Раздался протяжный свист, и показалась казачья сотня: в короткой перестрелке Жером был ранен в грудь навылет и тут же скончался.
Ванюшу подобрал розовощекий русский офицер Туманов. Он посадил его в седло, и вскоре все были в лесу, среди своих.
Кавалерийский офицер Туманов был славный малый: он накормил мальчишку супом и с первой оказией отправил на родину, в Тобольскую губернию.
Казачья сотня, куда входил Туманов, особенно отличилась при Березине. Напившись до зеленых чертиков, ребята саблями загнали в реку немало лягушатников, и все были представлены к награде.
Потом прошли кампании в Европе, Наполеон был побежден, и летом 1815 года кавалерийский полк Туманова стал на квартиры в Страсбурге.
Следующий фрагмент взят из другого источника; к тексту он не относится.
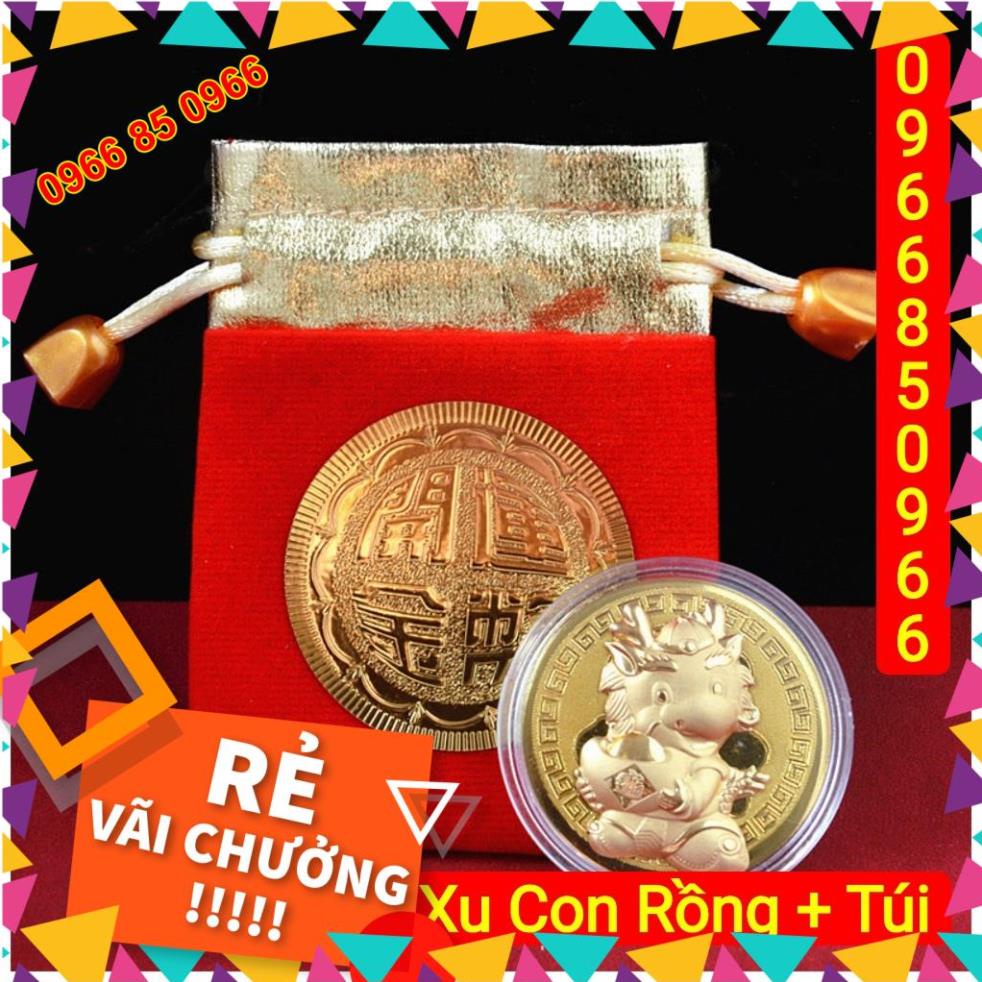 Đồng xu con rồng Giáp thìn Mẫu 2 kèm túi gấm đỏ tài lộc QMT3652

Порядок жизни был странный. Солдаты убегали из казармы, воровали. Их били шпицрутенами, а батюшка сурово выговаривал.
Офицеры все больше пьянствовали, плясали на балах, а кое-кто стал посещать вольнолюбивые кружки.
Однажды августовской ночью Туманов шел с бала, шатался и что-то напевал. Навстречу выскочил пьяный казак: «А, это ты!» – и замахнулся шашкой.
В мгновенье ока поручик понял тайный смысл смерти. Однако ж – пригнулся, и сталь вонзилась в дерево.
Ударив казака в живот, он побежал.
Тот, лежа, ругался вслед ему.
Случилось так, что наш Туманов был вхож в семью Жерома, погибшего в России офицера. С его сестрой он был интимно близок и дружен с его отцом – отчаянным республиканцем.
И в дружбе со многими такими проникся он великим разуменьем.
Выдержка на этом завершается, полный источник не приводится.